A Multiple Radar Approach for Automatic Target Recognition of Aircraft using Inverse Synthetic Aperture Radar

TL;DR

This paper presents a multi-radar CNN approach using simulated complex SAR/ISAR data for aircraft recognition, achieving higher accuracy and faster training than traditional methods.

Contribution

Introduces a multi-radar approach with complex-valued CNN trained on simulated data, improving aircraft recognition accuracy in SAR/ISAR ATR tasks.

Findings

Multi-radar approach increases recognition accuracy.

Simulated complex data enhances CNN training.
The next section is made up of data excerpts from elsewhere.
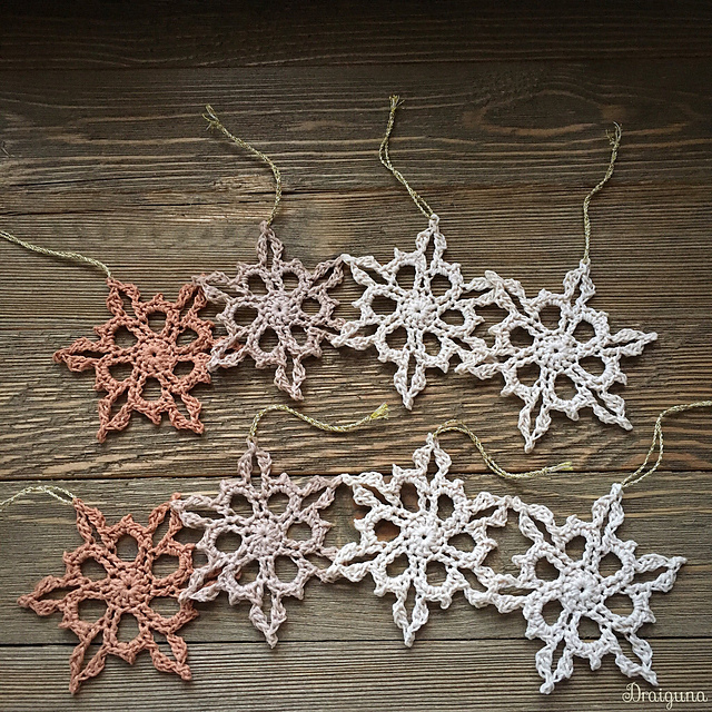 These versatile snowflakes can be used to decorate your Christmas tree, or hang them up around your house :D You can tie them onto a package or present, or include one in a card. This is also a good way to use up some left over bits of thread if you have any! Just a small amount is needed to make each snowflake.
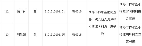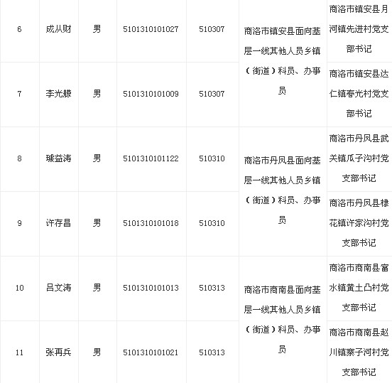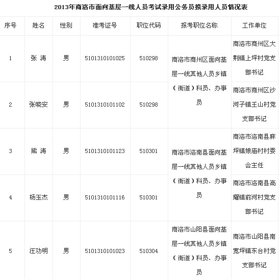 根據(jù)《2013年陜西省從優(yōu)秀工人農(nóng)民中考試錄用公務員工作公告》有關要求,經(jīng)推薦報名和筆試、面試、量化考察、體檢等程序,擬錄用下列同志為商洛市面向基層一線其他人員職位公務員,現(xiàn)予以公示,歡迎社會各界廣泛監(jiān)督。如有異議,可直接向商洛市委組織部或省委組織部公務員管理處反映。
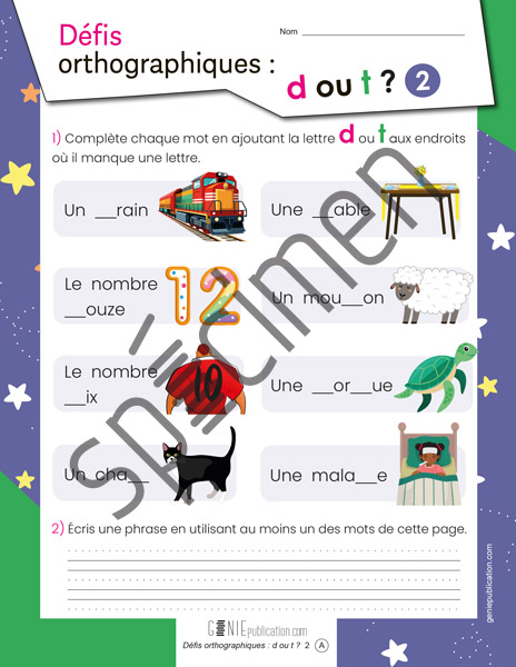 L’élève doit compléter les mots avec la lettre manquante, « d » ou « t ». Puis, il écrit une phrase en utilisant l’un de ces mots.
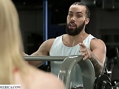 Petite blonde Anya Olsen works out on some big black cock at they gym
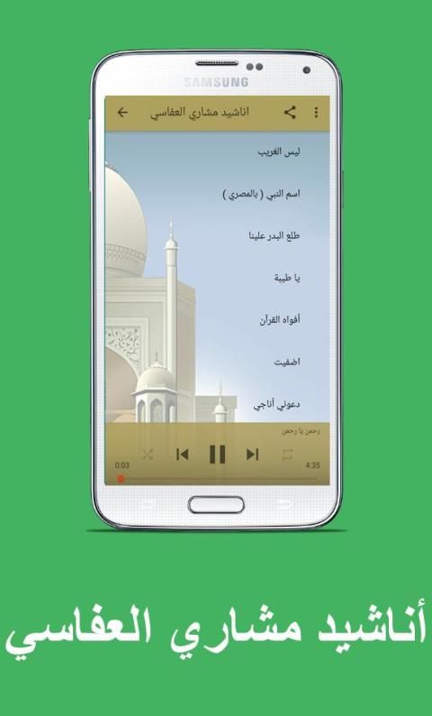 تطبيقنا هو تطبيق أناشيد مشاري العفاسي حيث يحتوي على جميع أناشيد الشيخ مشاري العفاسي وهو مشاري بن راشد بن غريب بن محمد بن راشد العفاسي المطيري وهو خطيب و إمام للمسجد الكبير في الكويت وهو كويتي الجنسية , ويعد مشاري العفاسي من الأشخاص القليلين جداً الذين يقومون بقراءة القرآن الكريم وبإلقاء الأناشيد .
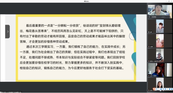此次答辩工作,3-4名同学为一个小组分批次向老师们汇报自己这个第三学期在实习岗位做了啥、学了啥,充分体现了风景园林专业学子在学中做,在做中学,坚持不断在实践中增长才干的奋斗精神。答辩过程中,宋兴蕾老师详细询问了同学们在工作上的细节,向同学们指出日后还需要努力的方向。风景181班杨耀杰同学在汇报中说到:“通过本次第三学期实习,一方面,我们锻炼了自己的能力,在实践中成长;另一方面,我们为社会做出了自己的贡献。”并表示:在回到学校后要更加珍惜在校学习的时光,努力掌握更多的知识,并不断深入到实践中,检验自己的知识、锻炼自己的能力,为今后更好的服务社会打下坚实的基础。答辩最后,宋兴蕾老师对同学们的工作表示肯定,提醒同学们假期要做好疫情防控工作,并祝同学们假期愉快,调整身心,准备迎接新的学年。
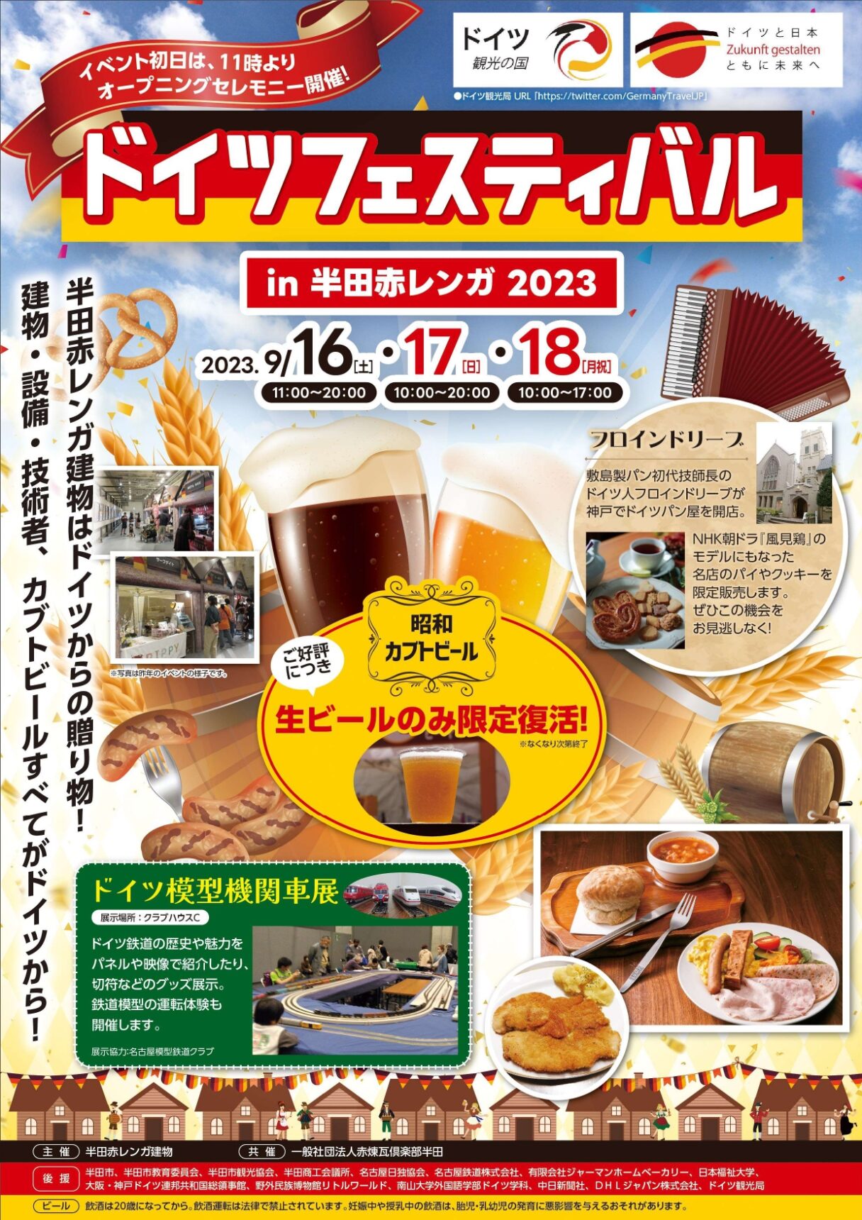 ◇関連HP:【9月16日~18日開催】ドイツフェスティバル in 半田赤レンガ2023 | 半田赤レンガ建物 (handa-akarenga-tatemono.jp)
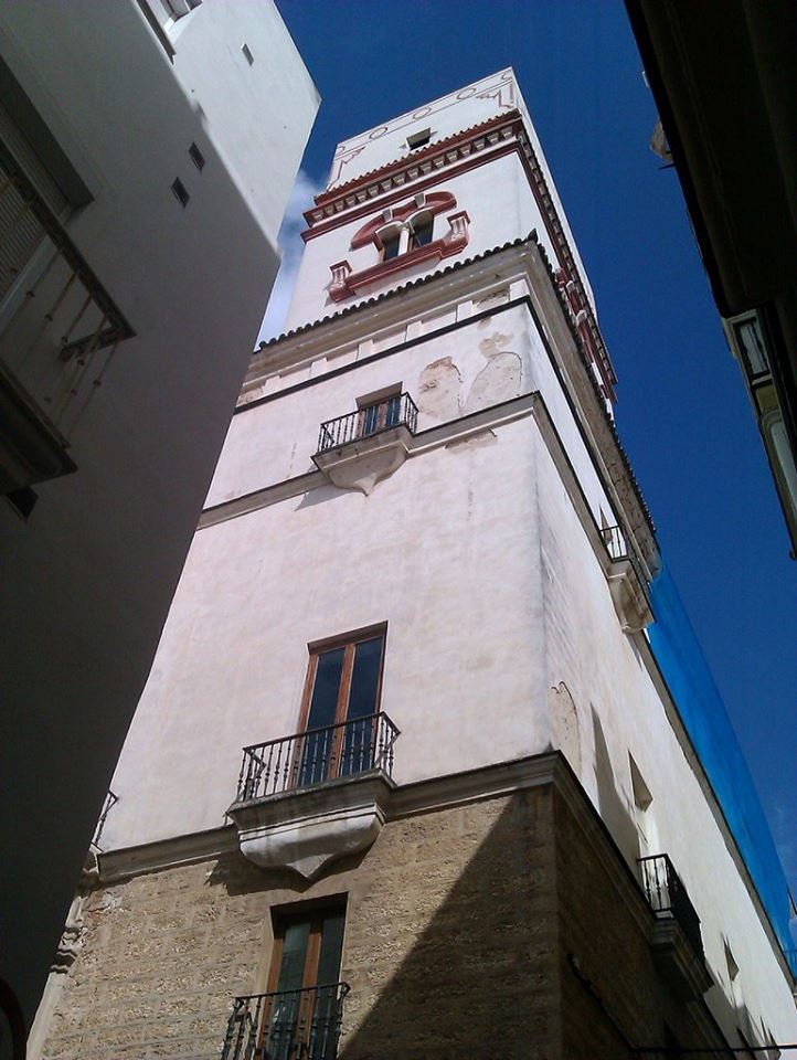 La Torre Poniente, también conocida como la Torre del Reloj, forma parte de la propia catedral, es un estupendo mirador de toda la ciudad de Cádiz. Con 74 metros de altura desde donde se obtienen una de las mejores vistas panorámicas y además de 360 grados.
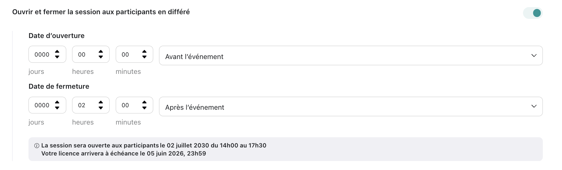 Fonctionnalité activée = Un bouton rejoindre apparaitra aux participants à l'heure définie, cela peut se faire en amont de l'événement, le flux vidéo ne sera pas visible pour eux mais ils pourront échanger dans le chat. La session sera fermée à la date indiquée, tant que la session n'est pas clôturée les participants pourront la rejoindre à n'importe quel moment par ex : pour revoir le replay, répondre au formulaire de satisfaction, etc
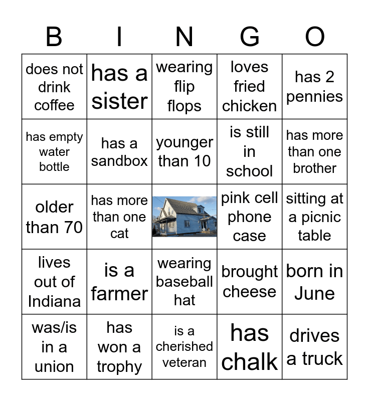 This bingo card has a free space and 24 words: is a farmer, has won a trophy, younger than 10, was/is in a union, has 2 pennies, does not drink coffee, has empty water bottle, has a sister, pink cell phone case, wearing baseball hat, is still in school, older than 70, brought cheese, born in June, has a sandbox, has chalk, sitting at a picnic table, wearing flip flops, has more than one brother, has more than one cat, drives a truck, lives out of Indiana, loves fried chicken and is a cherished veteran.
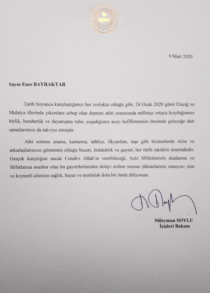 İçişleri Bakanı Süleyman Soylu imzası ile isme gönderilen mektupta; “Tarih boyunca karşılaştığımız her zorlukta olduğu gibi 24 Ocak 2020 günü Elazığ ve Malatya illerinde yıkımlara sebep olan deprem afeti sonrasında milletçe ortaya koyduğumuz birlik, beraberlik ve dayanışma ruhu, yaşadığımız acıyı hafifletmenin ötesinde geleceğe dair umutlarımızı da takviye etmiştir.
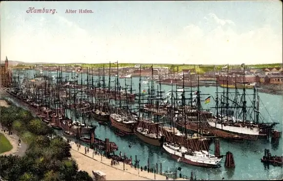 Ak Hamburg, alter Hafen, Segelschiffe
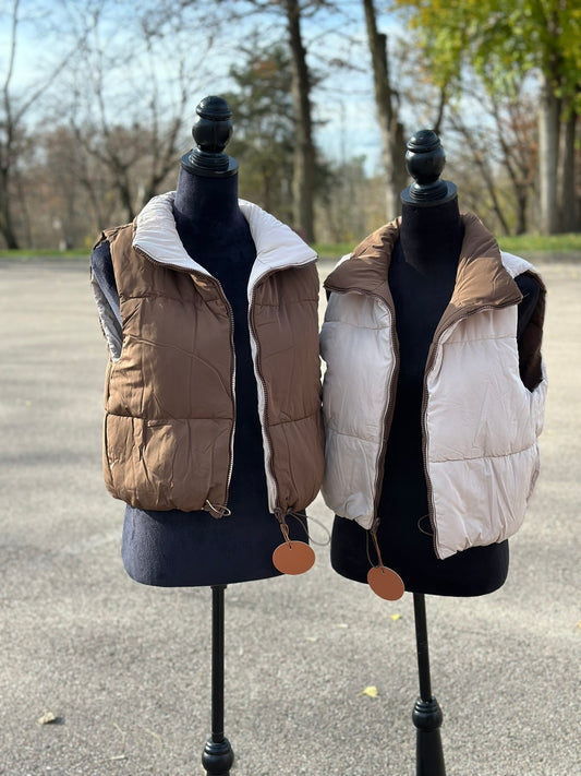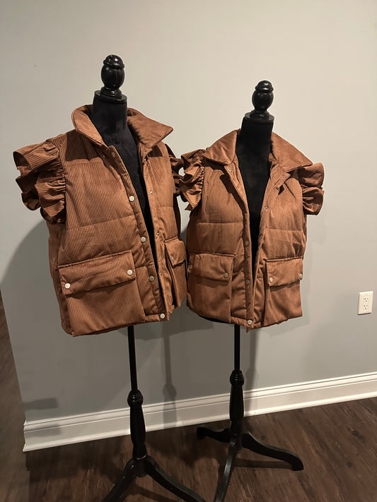 RUFFLE SLEEVE FLAP POCKETS CORDUROY PUFFER VEST
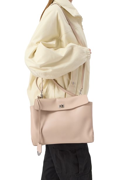 | Параметры изделия Высота 19,8 см, ширина 25 см, глубина 11 см, длина ремешка 124 см. В комплект входит: отстёгивающаяся ручка длиной 42 см; брелок. |

Optimal number of radars improves detection performance.

Abstract

Along with the improvement of radar technologies, Automatic Target Recognition (ATR) using Synthetic Aperture Radar (SAR) and Inverse SAR (ISAR) has come to be an active research area. SAR/ISAR are radar techniques to generate a two-dimensional high-resolution image of a target. Unlike other similar experiments using Convolutional Neural Networks (CNN) to solve this problem, we utilize an unusual approach that leads to better performance and faster training times. Our CNN uses complex values generated by a simulation to train the network; additionally, we utilize a multi-radar approach to increase the accuracy of the training and testing processes, thus resulting in higher accuracies than the other papers working on SAR/ISAR ATR. We generated our dataset with 7 different aircraft models with a radar simulator we developed called RadarPixel; it is a Windows GUI program implemented using Matlab and Java programming, the simulator is capable of accurately replicating a real SAR/ISAR configurations. Our objective is to utilize our multi-radar technique and determine the optimal number of radars needed to detect and classify targets.